Try it: The line containing "喔咔乐儿童牙膏含氟防蛀牙3-6到12岁换牙期草莓香橙水果味80g进口" marks the end; write out exactly every line from the start of the data up to and including it, without the pictures.

*** Data

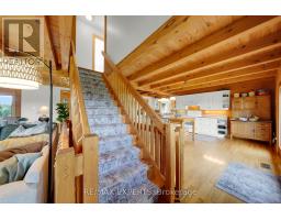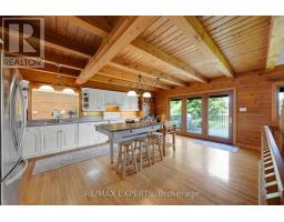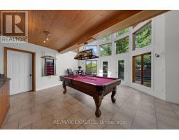 This unique log home with a spacious addition offers character, comfort, and incredible views -- including the CN Tower from the front porch! Set back from the road on a private lot, it features natural gas, municipal water and fibre optic internet, and a huge triple garage. Ideal for multi-generational living or income potential, the home includes two self-contained apartments with separate entrances. The upper unit (renovated in 2020) is bright and full of storage, while the lower-level unit has a sauna and its own parking and walkout to yard/patio. The main home boasts a window-lined living room, loft-style dining with skylight overlooking the billiard room, multiple walkouts, updated baths, and hardwood/tile floors. Recent updates include: roof (2022), furnaces & AC (2022), Windows/slider (2020), fascia & eaves (2024), municipal water (2022/23), new landscaping, baths, and flagstone walkway (2024). Originally built in 1998 with an addition in 2004/05, this lovingly cared-for property is perfect for families looking for space, privacy, and room to grow! A unique opportunity in the most perfect location!! (id:50886)
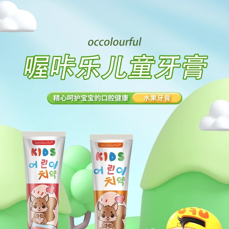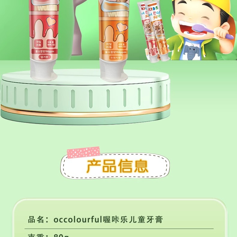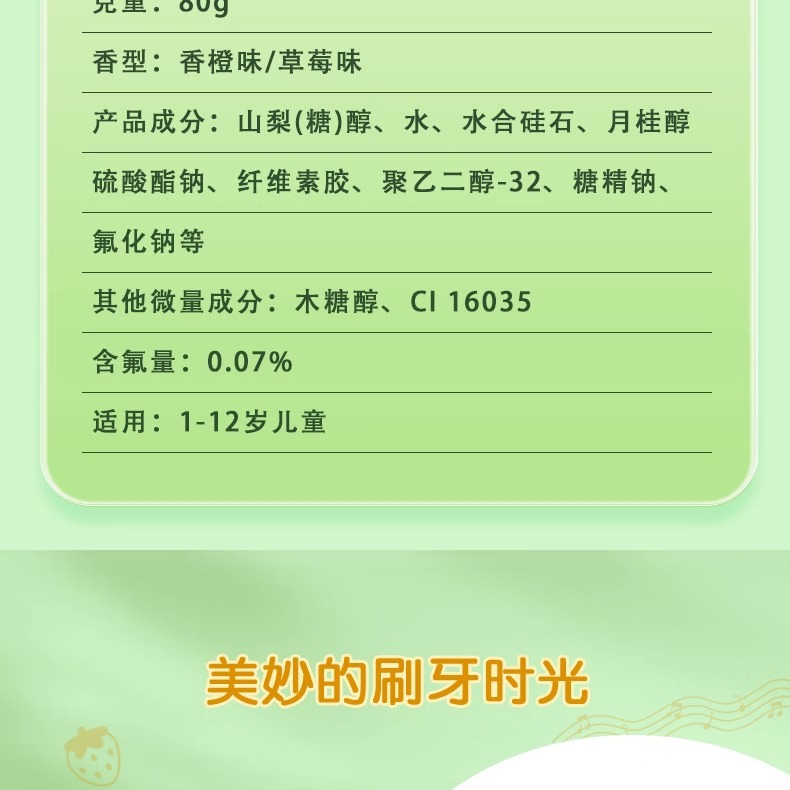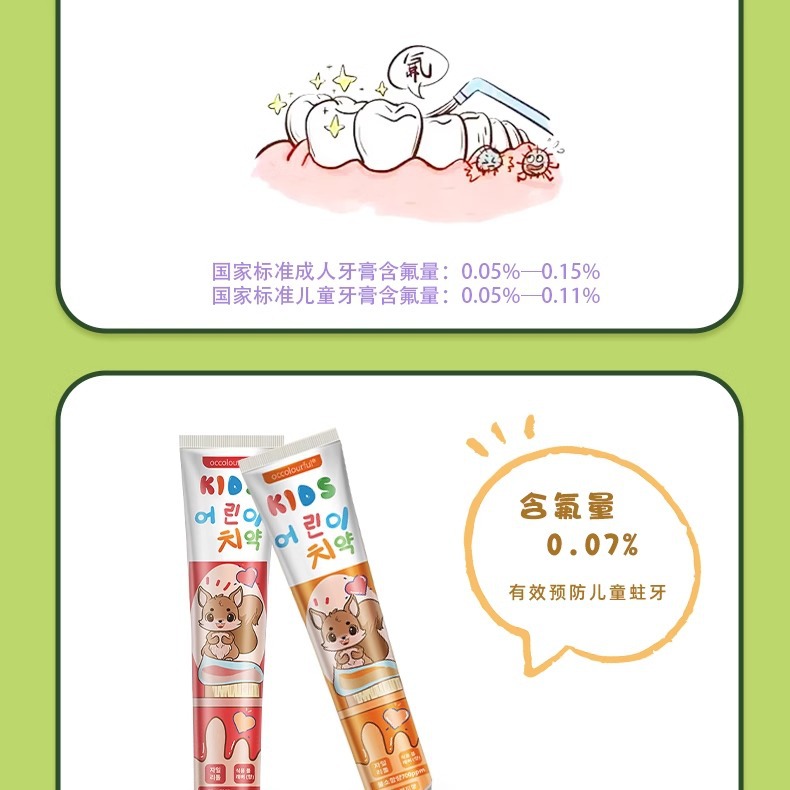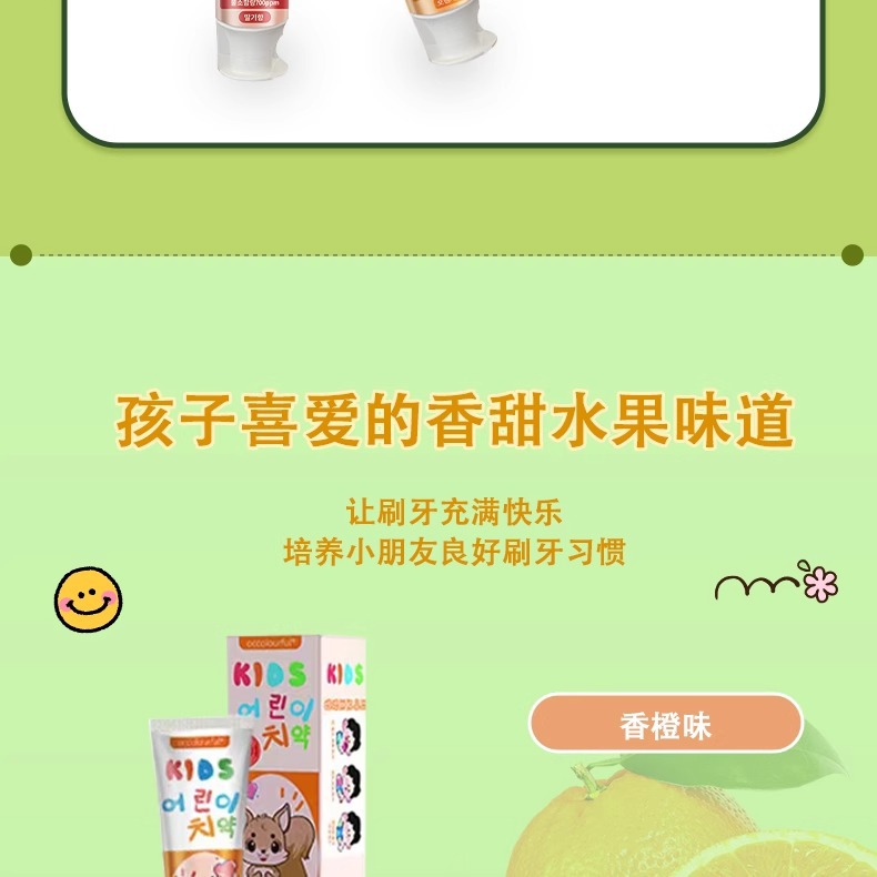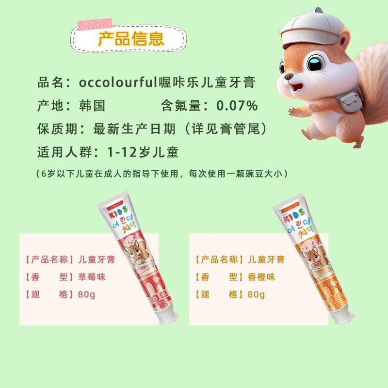 喔咔乐儿童牙膏含氟防蛀牙3-6到12岁换牙期草莓香橙水果味80g进口
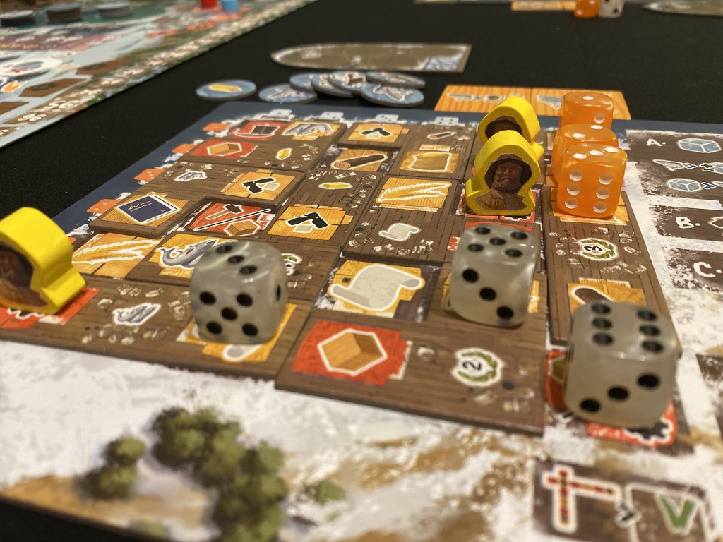 - Kocka elvétele a közös készletből: a forduló elején az összes kockával dobunk és az így kialakuló kínálatából válaszhatunk Az elvett kocka egyaránt lehet fehér vagy narancssárga is, de fontos, hogy fehér kockából legfeljebb 3-at, míg narancssárgából a forduló számával megegyező számút vihetünk el. Az így elvett kockával tudjuk a saját táblánkon a falunkban található épületeket aktiválni soronként (narancssárga kocka) vagy oszloponként (fehér kocka) sorban végig haladva és aktiválva az ott találhat épületeket. Ha nincs egyetlen nekünk ideális értékű kocka sem, egy hal beadásával tudjuk az elvett kocka értékét eggyel módosítani, de végső esetben mentőövként, akár egy halért el is adhatjuk a kockát, de erre tényleg a legrosszabb esetben lehet csak szükségünk.
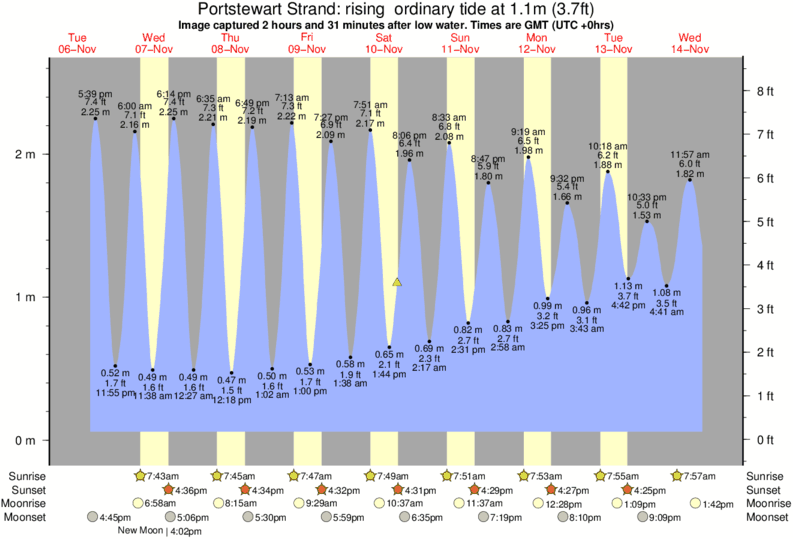 Image captured 2 hours and 31 minutes after low water (rising ordinary tide). Tide height was 1.1m (3.7 ft). Range 2.38m (7.8 ft). Toggle tide graph

******

Answer to the exercise:
 This unique log home with a spacious addition offers character, comfort, and incredible views -- including the CN Tower from the front porch! Set back from the road on a private lot, it features natural gas, municipal water and fibre optic internet, and a huge triple garage. Ideal for multi-generational living or income potential, the home includes two self-contained apartments with separate entrances. The upper unit (renovated in 2020) is bright and full of storage, while the lower-level unit has a sauna and its own parking and walkout to yard/patio. The main home boasts a window-lined living room, loft-style dining with skylight overlooking the billiard room, multiple walkouts, updated baths, and hardwood/tile floors. Recent updates include: roof (2022), furnaces & AC (2022), Windows/slider (2020), fascia & eaves (2024), municipal water (2022/23), new landscaping, baths, and flagstone walkway (2024). Originally built in 1998 with an addition in 2004/05, this lovingly cared-for property is perfect for families looking for space, privacy, and room to grow! A unique opportunity in the most perfect location!! (id:50886)
 喔咔乐儿童牙膏含氟防蛀牙3-6到12岁换牙期草莓香橙水果味80g进口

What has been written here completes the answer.